Here me out. Before I catch a lecture from brutha man or an eye roll from sistah girl, try to feel me when I say white supremacy consumes the world, and our fancy pants American accent is a gift card to shop. With my mouth closed, I am received like a pauper, a subordinate. I’ve tested this theory in many places on multiple continents. I would be skipped while standing on lines, and overtly shoo’ed away. Only later, upon hearing my Anglo voice, I receive a double-take and consequently rapid service for mistreatment. I’ve been dismissed entirely by retail workers, later to be escorted by managers around the luxury items sections. I’ve been met by frustrated chefs who assumed I “must have” confused my own order, to then be sent bottles of champagne out of remorse for miscommunication on the part of the waitstaff. :/ Sadly, the result is even more dramatic on the African continent, though all except Ethiopia (thank you King Haile Selassi). My Anglo American accent changes things out there.

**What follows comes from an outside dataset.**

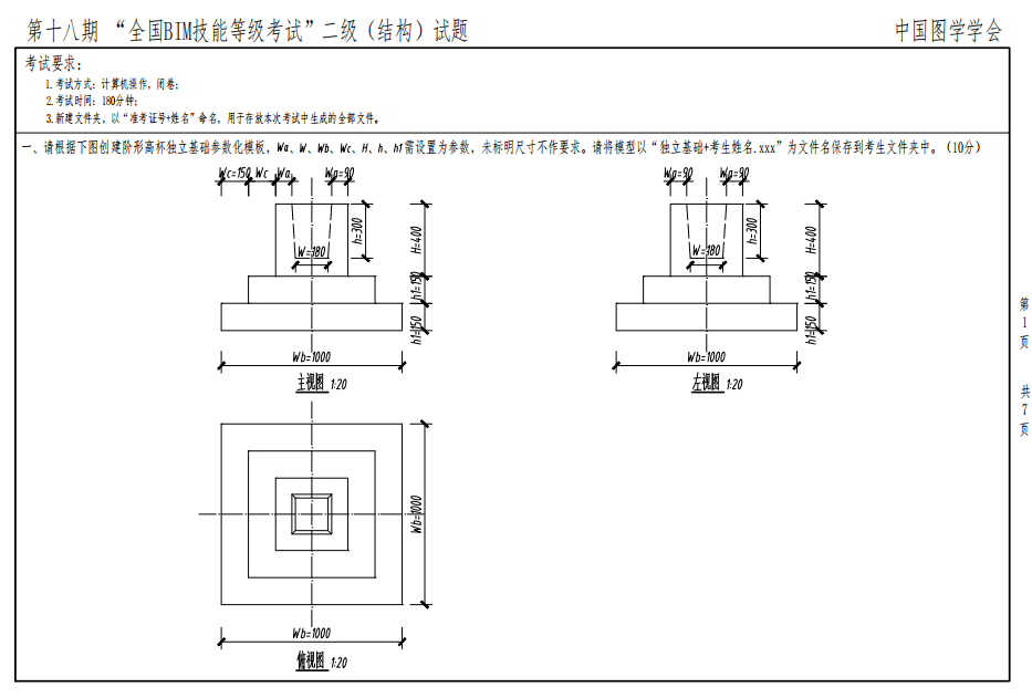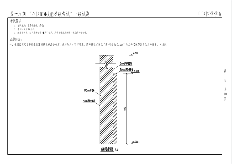 中国图学学会“全国BIM技能等级第十二期考试”试题免费下载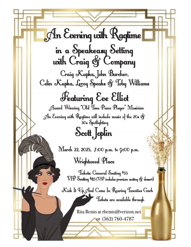 ‘An Evening with Ragtime in a Speakeasy Setting’ will be presented Saturday, March 22, 2025 from 7-9 pm at Wrightwood Place. ‘Ragtime’ will feature award winning old time piano player musician Eve Elliot who will spotlight the music of Scott Joplin along with other composers of this unique and entertaining style of music. Craig Kupka and his combo of musicians, John Burcher, Colin Kupka, Toby Williams, Leroy Speaks, will precede Eve with music of the early 1900’s. Think George M. Cohen, Irving Berlin, etc.

And for those of us who can admit that it alters the dynamics of living a black life IN America to our advantage, let us not forget this is a very white card for access to white power. Take all that and raise it by the power of the Red, White and Blue, which IS the stamp we are given whether we like it our not, and picture it at work in every encounter you have with the countless others who’ve been consuming white American supremacy by the spoonful for generations. Yeh, it’s a tough pill to swallow. But it’s the god honest truth.